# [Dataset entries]
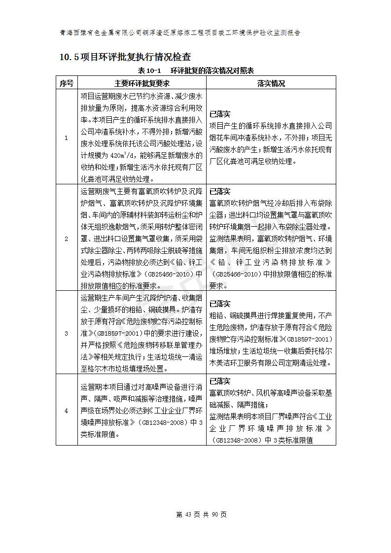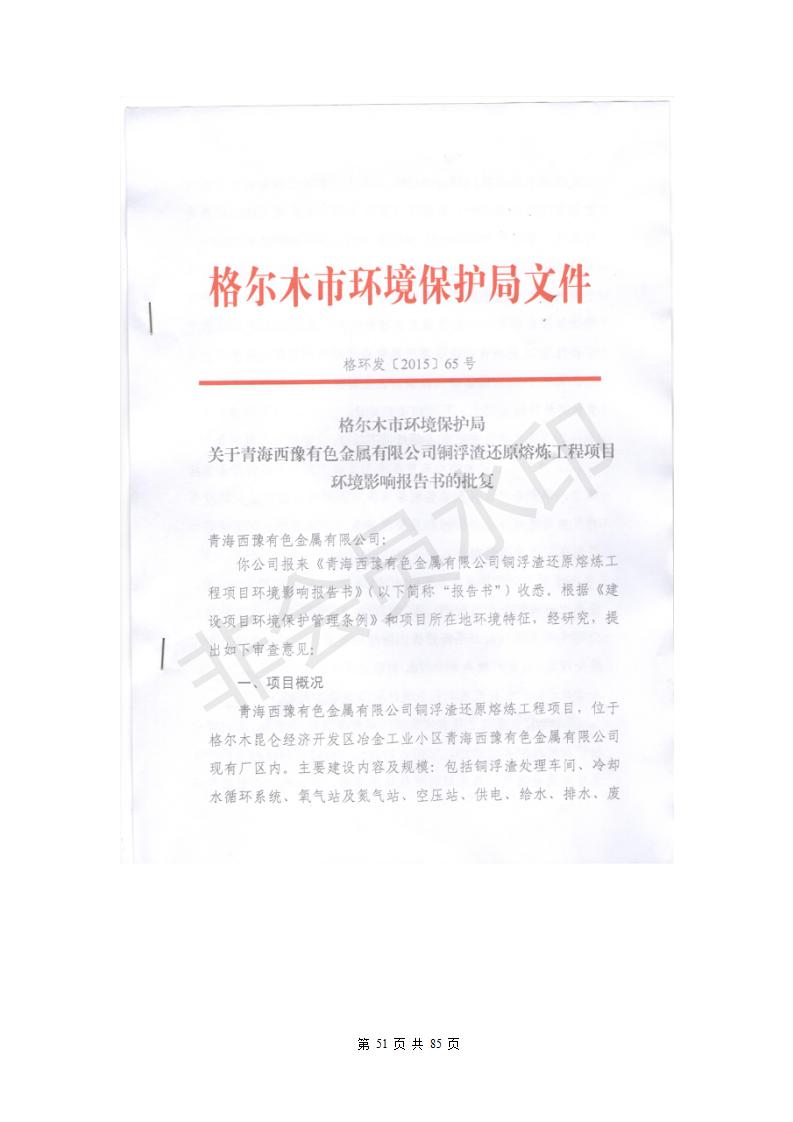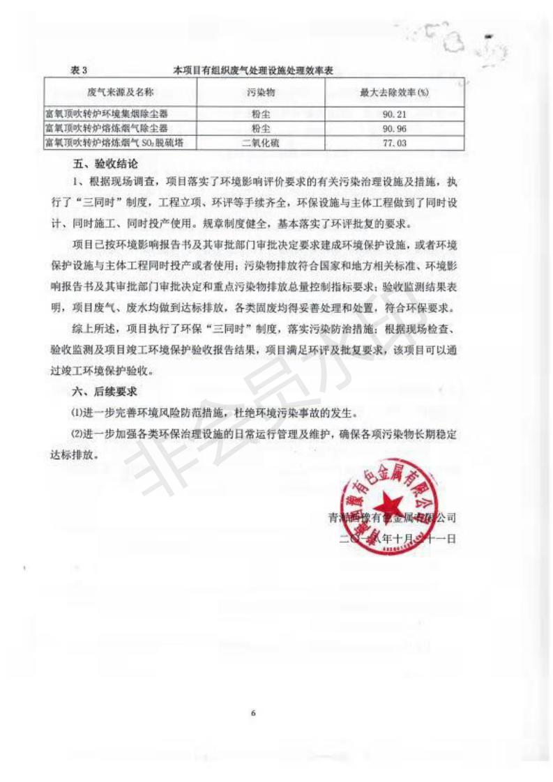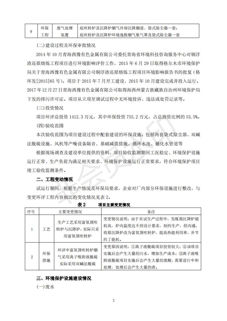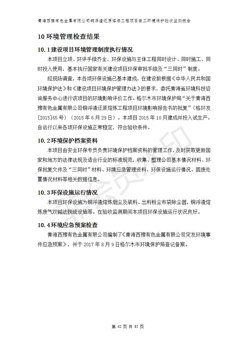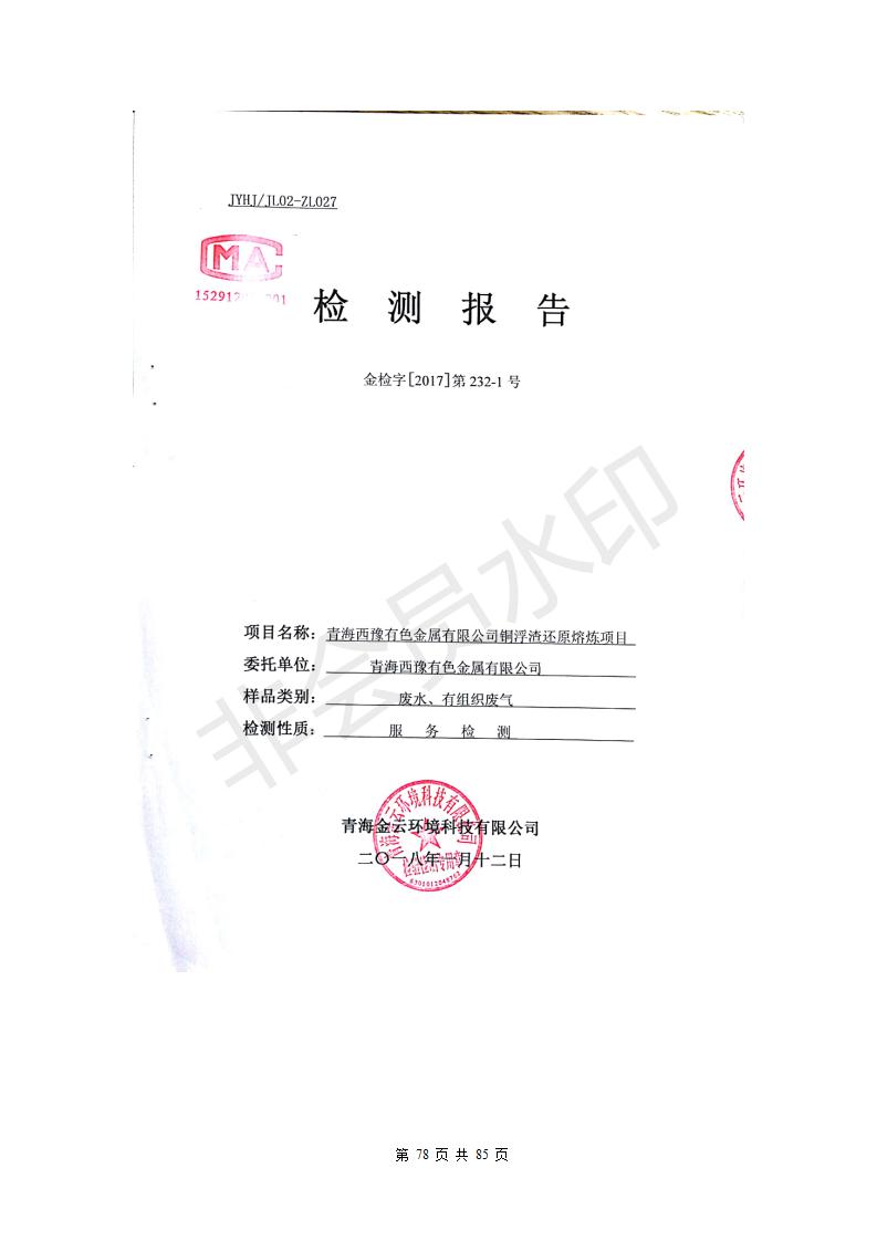 青海西豫有色金屬有限公司銅浮渣還原熔煉工程項目竣工環(huán)境保護驗收監(jiān)測報告公示發(fā)布日期:(2018-11-23) 點擊次數(shù):2508 |
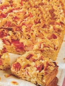 Den Teig habe ich auf das Backblech gegeben, mit einem Tortenheber gleichmäßig auf dem Blech verteilt und die Rhabarberstücke gleichmäßig auf den Teig gegeben. Zum Schluss die gehobelten Mandeln darüber gestreut und im Ofen auf der mittleren Schiene 45 Minuten gebacken. Danach habe ich ihn auf dem Rost vom Backofen abkühlen lassen.
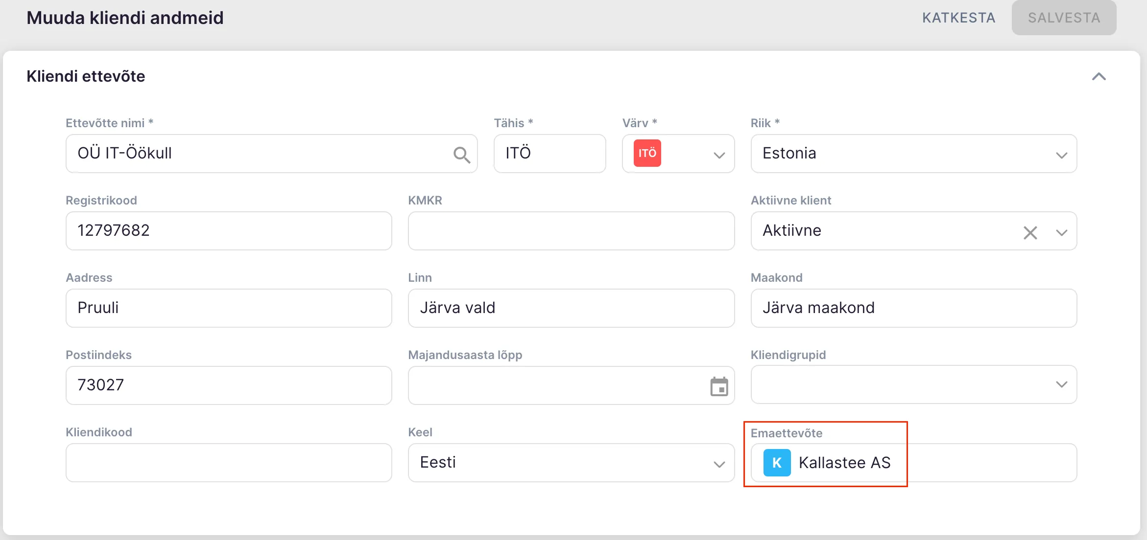 Esmalt vali tütarettevõtte muutmise vaates, milline on tema emaettevõte
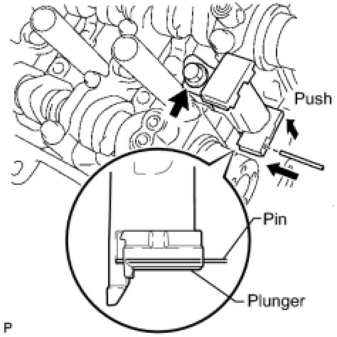 (b) While pushing in the tensioner, insert a pin of dia 1.0 mm (0.039 in.) into the hole to fix it.
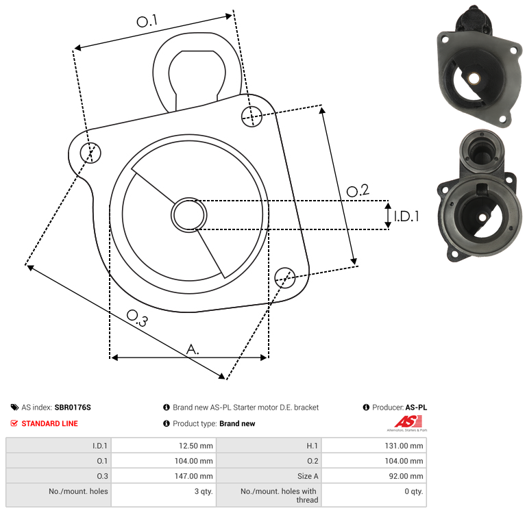 | No./Mount holes | 3 qty |
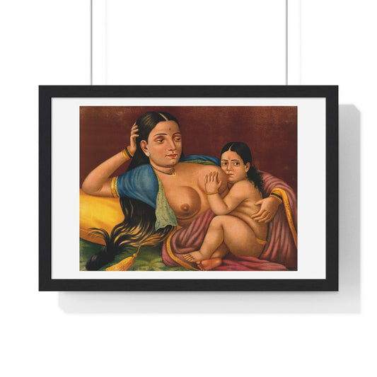 Woman Suckling an Infant, Indian Chromolithograph, from the Original, Framed Art Print
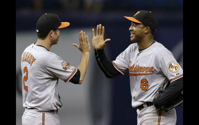 Deportes | Baltimore vence 3-1 a Tampa Bay Orioles completa barrida sobre Rays Baltimore vence 3-1 a Tampa Bay Por: AP 8 de mayo de 2014 - 21:44 hs Jugadores de Baltimore festejan su triunfo. AP / FLORIDA, ESTADOS UNIDOS (08/MAY/2014).- Steve Pearce conectó jonrón de dos carreras, el dominicano Ubaldo Jiménez ganó su segunda salida en fila y los Orioles de Baltimore completaron la barrida de tres juegos al vencer el jueves 3-1 a los Rays de Tampa Bay. El segundo cuadrangular de Pearce en tres días vino ante el derrotado David Price (3-3) luego de que J.J. Hardy conectara doblete en la segunda entrada. En la primera base en lugar del lesionado cañonero Chris Davis, Pearce también hizo una destacada jugada para quedarse con el tiro de Hardy y completar una doble matanza que puso fin a la octava entrada, en la que los Rays amenazaban con casa llena. El manager de los Rays, Joe Maddon, protestó la decisión del umpire, pero la repetición instantánea la confirmó tras una revisión de dos minutos. Nick Markakis extendió a 15 su racha de juegos seguidos con hit con un sencillo en la tercera entrada. Jiménez (2-4) lanzó cinco entradas y un tercio en los que admitió una carrera y siete imparables. Dio dos bases por bolas y ponchó a tres. En la loma por Tampa Bay, el dominicano Joel Peralta lanzó dos tercios de entrada en los que ponchó a un rival, mientras que su compatriota Juan Carlos Oviedo ponchó a dos toleteros en dos entradas de labor. Por los Orioles, los dominicanos Nelson Cruz de 4-1 y Manny Machado de 3-0. Por los Rays, el cubano Yunel Escobar de 4-1. El boricua José Molina de 2-0. Temas Beisbol Orioles de Baltimore Recibe las últimas noticias en tu e-mail Todo lo que necesitas saber para comenzar tu día Registrarse implica aceptar los Términos y Condiciones
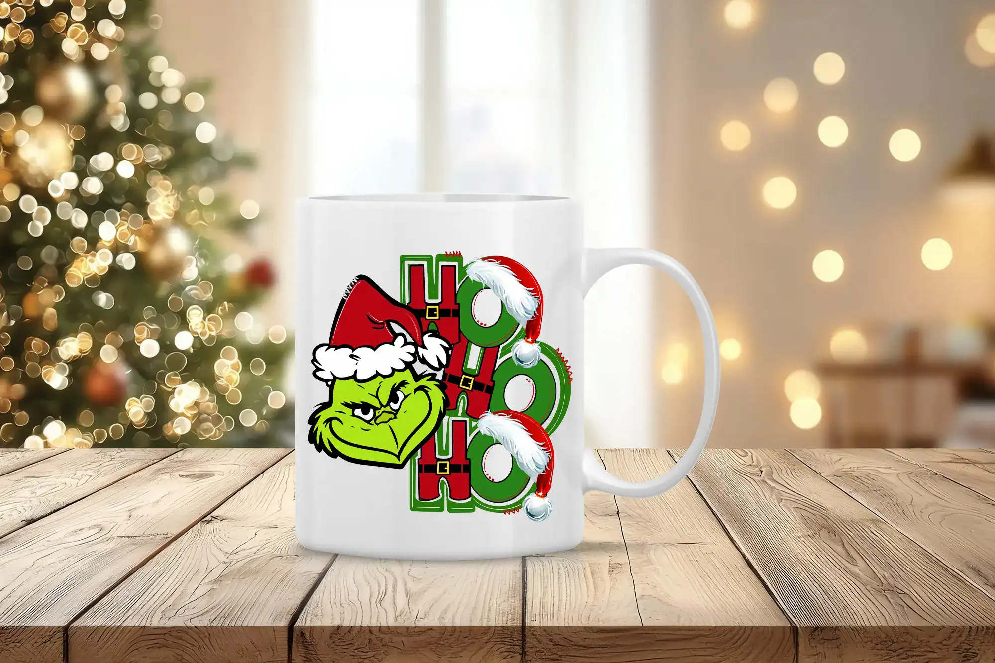 Humoros Grincs Ho Ho Ho bögre karácsonyi mintával. 3 dl-es kerámia bögre szublimációs nyomtatással – élénk színek, tartós minőség, tökéletes ajándék az ünnepekre!
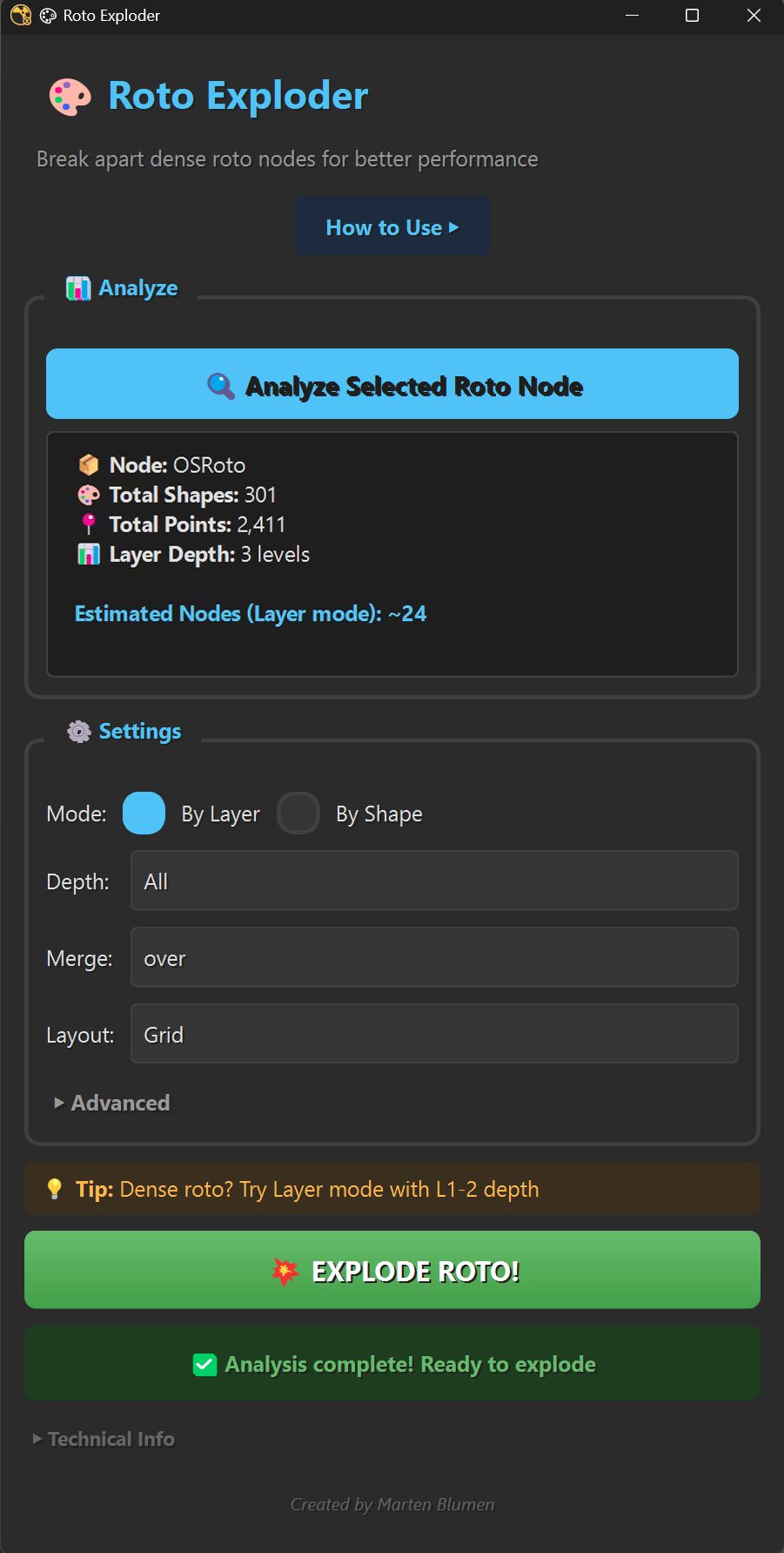 Explodes dense Roto nodes into separate nodes to improve performance, organization, and usability while preserving structure and flexibility.
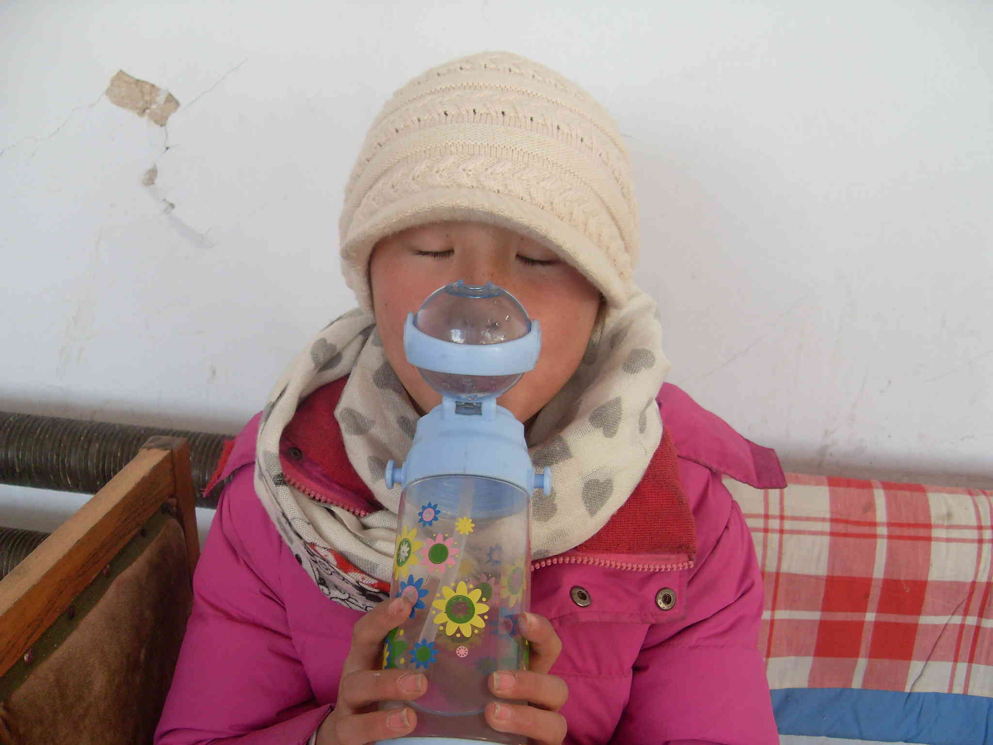 我的水壶有一根挺长的管,它可以分成两段。水多的时候,把两端抽出来,还有一个小头,就可以吸上水。水是半瓶的时候,就抽出一端,这样就可以喝水了。水快没有的时候,什么都不用,直接喝就可以了。
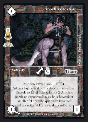 Arochos testőre (8): Az lap nálam 8 pontot kap, ami egy pakliba jó csak, de oda nagyon jó, és az a pakli versenyerős. Ez is egy ilyen kártya. Gondolom, nem kell leírnom, milyen pakliba illik. Alapból is érdemes használni, nem csak kiegészítőből, főleg, mivel megvéd a nagy mumustól, Az óriások földjétől. Nem is érdemes rá sok szót vesztegetni. A tesztelésen még +1/+1-et adott, úgy erősnek találtuk. Szerintem így is jó Arochos mellé.

# [Problem to work on]
Only the lines above from the one containing "holes | 3 qty |" through the one containing "Woman Suckling an" should be returned, verbatim and inclusive, with pictures excluded.

# [Final answer]
 | No./Mount holes | 3 qty |
 Woman Suckling an Infant, Indian Chromolithograph, from the Original, Framed Art Print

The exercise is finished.